───── DATA EXTRACT

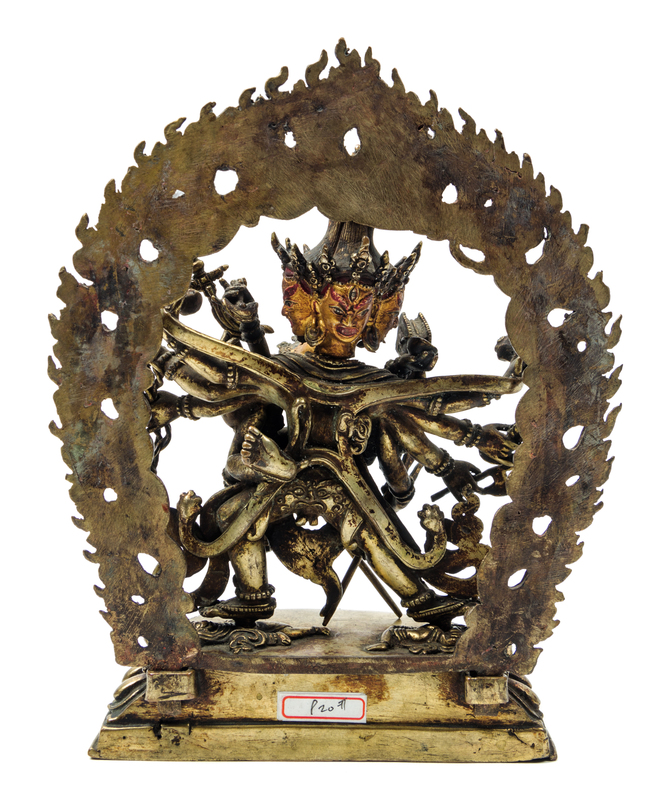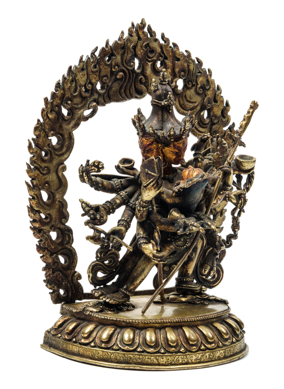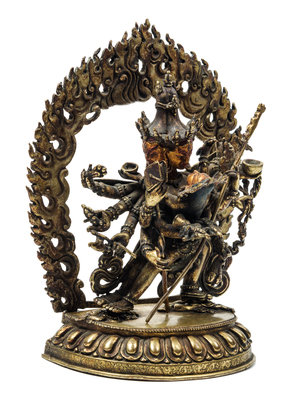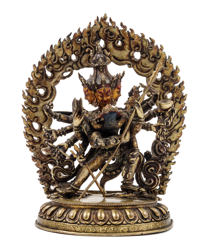 the wrathful figure standing in alidhasana on prostrate figures atop a single lotus plinth, his principle arms holding his consort and his hands grasping a bell and shaker, the other hands grasping various items including an animal foot, a staff, a cup, a knot, a group of heads, and a chopper, wearing elaborate beaded jewelry and an elephant skin, the face with a fierce expression, bulgy eyes and enlarged nostrils, his mouth wide opened revealing his teeth, his hair secured by a skull crown surrounded by three faces, behind him a mandala of flames, cast in two sections, the base sealed.
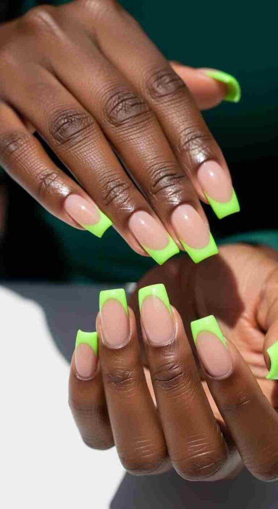 Bright lime tips creates vibrant spring energy on melanin.
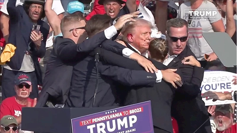 Trump'a suikast girişimiEski ABD Başkanı Donald Trump, 13 Temmuz'da Pensilvanya'da Butler bölgesinde mitingde kürsüden destekçilerine hitap ettiği sırada silahlı saldırıya uğramış, mitinge katılan 1 kişi ölmüş, 2 kişi yaralanmış, ABD Gizli Servisi saldırganın etkisiz hale getirildiğini açıklamıştı.
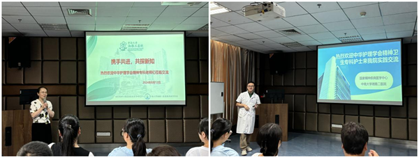 汪健健护士长从国家精神疾病医学中心、医院精神科的发展历程、学科建设、专业特色、人才培养、团队精神等方面为各位学员做了详尽的介绍,使学员们更加系统全面了解了我院精神科“全心护理”理念和模式。随后对本次专科护士培训的学员介绍了基地教学计划以及相关规章制度,使学员对后期的学习安排有了系统了解。

──────────

__EXERCISE BRIEF__
A verbatim rendering of the listing above is required, without any of its pictures.

__RESULT OF THIS EXERCISE__
 the wrathful figure standing in alidhasana on prostrate figures atop a single lotus plinth, his principle arms holding his consort and his hands grasping a bell and shaker, the other hands grasping various items including an animal foot, a staff, a cup, a knot, a group of heads, and a chopper, wearing elaborate beaded jewelry and an elephant skin, the face with a fierce expression, bulgy eyes and enlarged nostrils, his mouth wide opened revealing his teeth, his hair secured by a skull crown surrounded by three faces, behind him a mandala of flames, cast in two sections, the base sealed.
 Bright lime tips creates vibrant spring energy on melanin.
 Trump'a suikast girişimiEski ABD Başkanı Donald Trump, 13 Temmuz'da Pensilvanya'da Butler bölgesinde mitingde kürsüden destekçilerine hitap ettiği sırada silahlı saldırıya uğramış, mitinge katılan 1 kişi ölmüş, 2 kişi yaralanmış, ABD Gizli Servisi saldırganın etkisiz hale getirildiğini açıklamıştı.
 汪健健护士长从国家精神疾病医学中心、医院精神科的发展历程、学科建设、专业特色、人才培养、团队精神等方面为各位学员做了详尽的介绍,使学员们更加系统全面了解了我院精神科“全心护理”理念和模式。随后对本次专科护士培训的学员介绍了基地教学计划以及相关规章制度,使学员对后期的学习安排有了系统了解。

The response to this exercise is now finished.